Landgericht Krefeld, 3 O 352/02

Tenor

Die Berufung der Kläger gegen das am 28. Juli 2005 verkündete Urteil der 3. Zivilkammer des Landgerichts Krefeld wird zurückgewiesen.

Die Kosten des Berufungsverfahrens tragen die Kläger.

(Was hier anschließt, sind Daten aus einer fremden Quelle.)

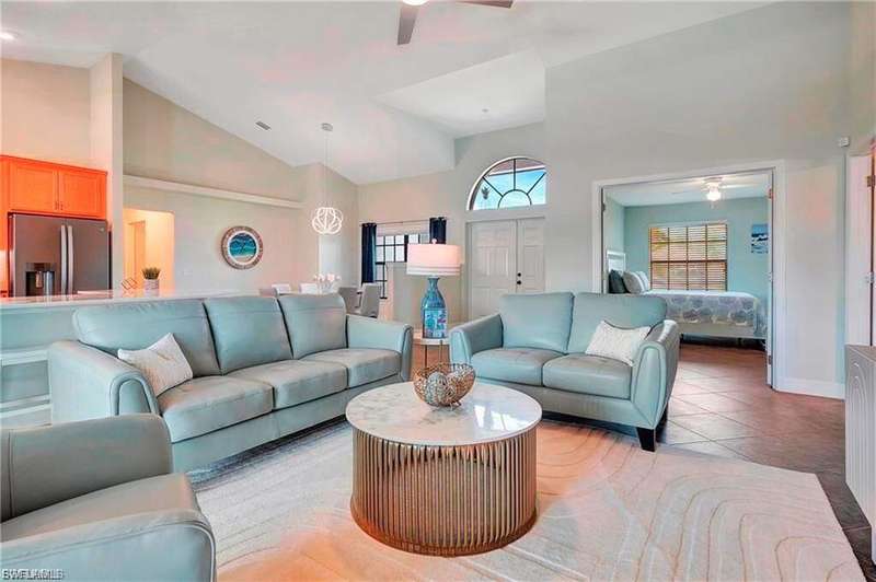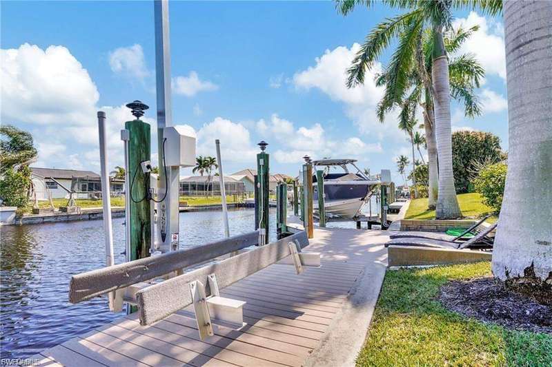 Boater's Paradise Meets Resort Living - Best Priced in the Neighborhood! Step into your dream lifestyle with this TURNKEY Gulf Access Pool Home in the heart of SW Cape Coral-just a 10-minute boat ride to the Caloosahatchee River and beyond to open waters. Whether you're docking a 30+ ft vessel on your newly updated (2022) composite dock with 12K lb lift, or paddling to the Bimini Basin, this home is your gateway to waterfront adventure. Inside, luxury meets comfort: 3 spacious bedrooms + den/office + bonus room, Chef's kitchen with granite counters and sleek tile floors throughout, Spa-inspired master bath with dual sinks, walk-through double shower, and soaking tub! Air-conditioned 3+ car garage with extended depth for all your toys, Mature royal palms and a horseshoe driveway offer curb appeal and ample parking. Outside, it's pure paradise: Oversized resort-style pool perfect for sunset cocktails, No flooding history-peace of mind included! Minutes from Sanibel, Fort Myers Beach, downtown Cape Coral, and the new Margaritaville & Sunseeker Resorts This is more than a home-it's a lifestyle upgrade. Priced to move, packed with upgrades, and positioned in one of Cape Coral's most desirable boating neighborhoods. Don't miss your chance to own this waterfront gem. Call today for your private showing-and start living the dream.

Das Urteil ist vorläufig vollstreckbar.

Die Kläger dürfen die Zwangsvollstreckung der Beklagten zu 1) gegen Sicherheitsleistung in Höhe von 110 % des aufgrund des Urteils vollstreckbaren Betrages abwenden, soweit nicht die Beklagte zu 1) vor der Vollstreckung in gleicher Höhe Sicherheit leistet.

Rubrum

1

Gründe

3

A.

4

Die Kläger sind die Eltern und Erben der am 16.10.2004 verstorbenen früheren Klägerin A.-L. B., die am 07.04.1998 als Frühgeborenes in der 26. Schwangerschaftswoche mit einem Geburtsgewicht von 810 g in der Klinik der Beklagten zu 1) zur Welt gekommen war. Nach der Geburt entwickelte sich u.a. ein Atemnotsyndrom; es kam zu einer Hirnblutung mit einem posthämorrhagischen Hydrocephalus internus, der eine Liquorableitung erforderlich machte. Außerdem musste wegen eines Mekoniumileus ein Anus praeter angelegt werden. Am 25.05.1998 wurde das Kind wegen der Gefahr einer Frühgeborenenretinopathie (RPM) erstmals in der Augenklinik der Beklagten zu 1), die von dem früheren Beklagten zu 2) geleitet wurde, vorgestellt. Weitere augenärztliche Untersuchungen erfolgten am 04.06., 15.06. und 29.06.1998. An diesem Tag wurde in den Behandlungsunterlagen ein RPM-Stadium 2 vermerkt; die nächste Kontrolle sollte nach zwei Wochen stattfinden. Am 13.07. wurde wegen einer Leistenhernie sowie der Zurückverlegung des Anus praeter ein operativer Eingriff durchgeführt; die geplante augenärztliche Untersuchung fand deswegen erst am 16.07.1998 statt. Nunmehr zeigte sich eine beginnende RPM, die am 17.07.1998 zur Verlegung des Kindes in eine Augenklinik in Köln führte. Die dort vorgenommene Lasertherapie sowie eine Cerclage-Operation mit Kryokoagulation blieben erfolglos; es kam zu einer vollständigen Netzhautablösung auf beiden Augen mit der Folge einer Erblindung.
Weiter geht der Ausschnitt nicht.